• Supplied material
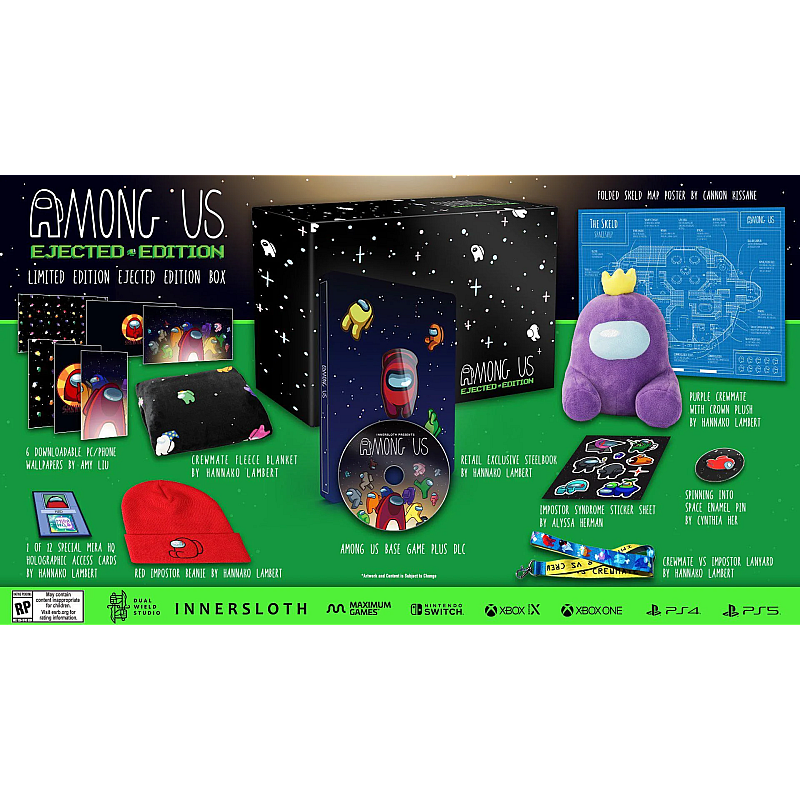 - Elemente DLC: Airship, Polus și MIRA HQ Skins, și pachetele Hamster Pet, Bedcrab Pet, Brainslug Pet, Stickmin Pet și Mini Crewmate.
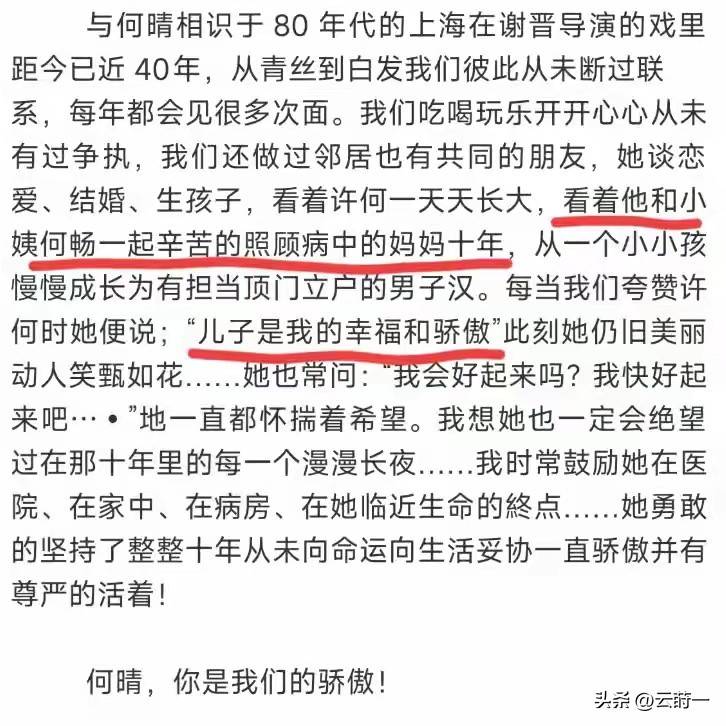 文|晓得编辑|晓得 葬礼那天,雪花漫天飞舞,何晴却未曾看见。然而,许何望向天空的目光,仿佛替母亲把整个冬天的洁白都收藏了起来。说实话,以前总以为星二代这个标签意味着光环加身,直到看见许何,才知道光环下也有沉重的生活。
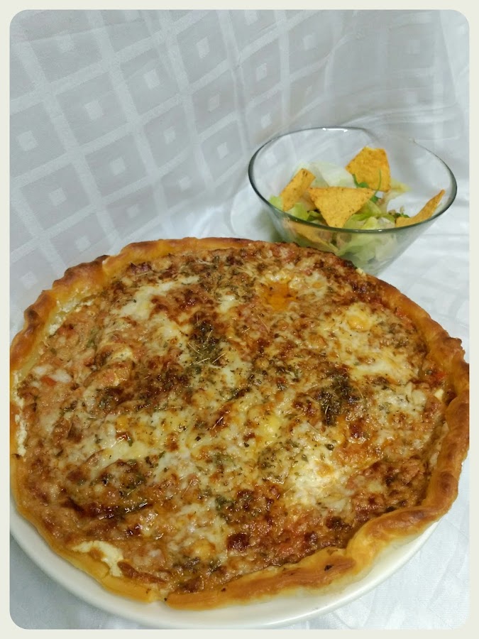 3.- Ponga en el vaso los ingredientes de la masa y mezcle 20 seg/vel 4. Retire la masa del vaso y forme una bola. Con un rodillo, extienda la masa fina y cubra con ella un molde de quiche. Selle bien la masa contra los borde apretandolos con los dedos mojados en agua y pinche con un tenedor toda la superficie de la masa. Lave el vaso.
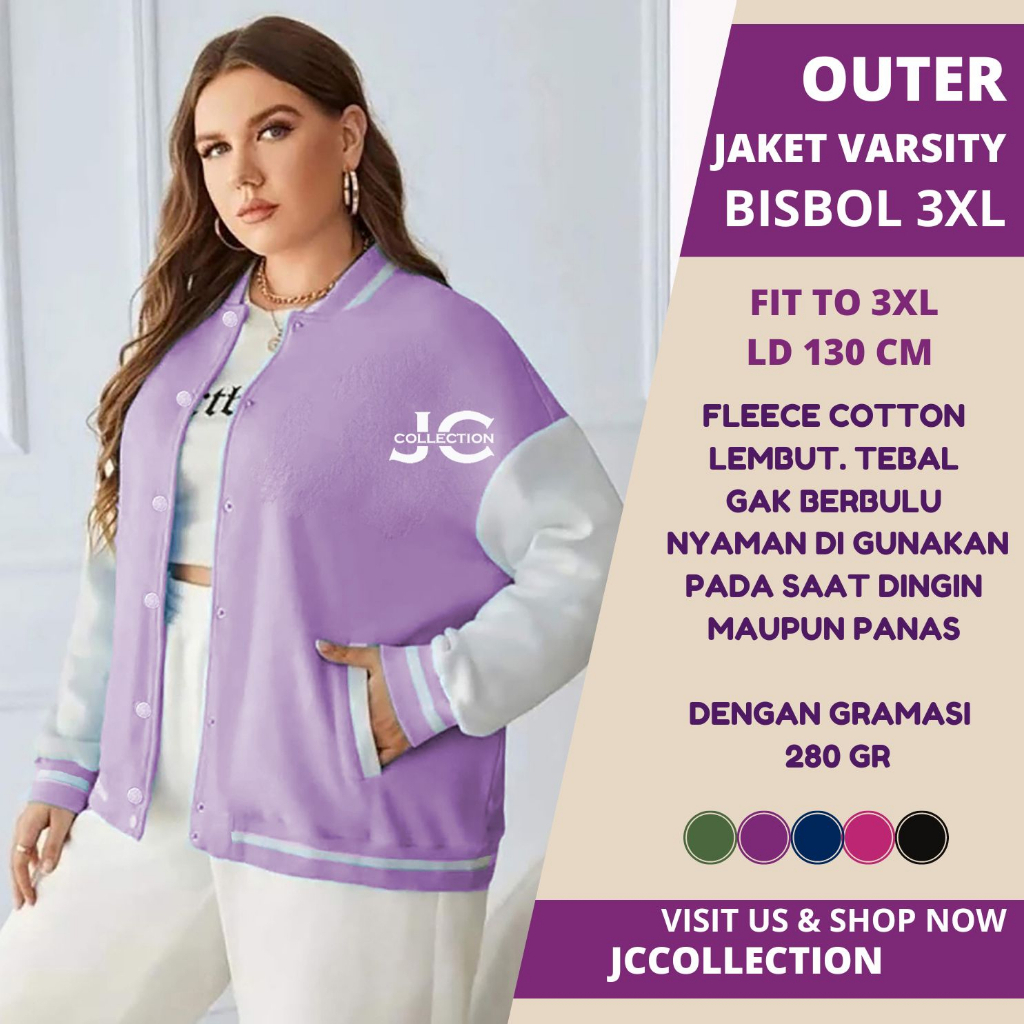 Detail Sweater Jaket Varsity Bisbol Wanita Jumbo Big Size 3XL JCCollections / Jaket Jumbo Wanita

• Problem requirements
Starting with the first line of the material above and ending with the line that holds "文|晓得编辑|晓得 葬礼那天", write out those lines exactly, without pictures.

• Result for this task
 - Elemente DLC: Airship, Polus și MIRA HQ Skins, și pachetele Hamster Pet, Bedcrab Pet, Brainslug Pet, Stickmin Pet și Mini Crewmate.
 文|晓得编辑|晓得 葬礼那天,雪花漫天飞舞,何晴却未曾看见。然而,许何望向天空的目光,仿佛替母亲把整个冬天的洁白都收藏了起来。说实话,以前总以为星二代这个标签意味着光环加身,直到看见许何,才知道光环下也有沉重的生活。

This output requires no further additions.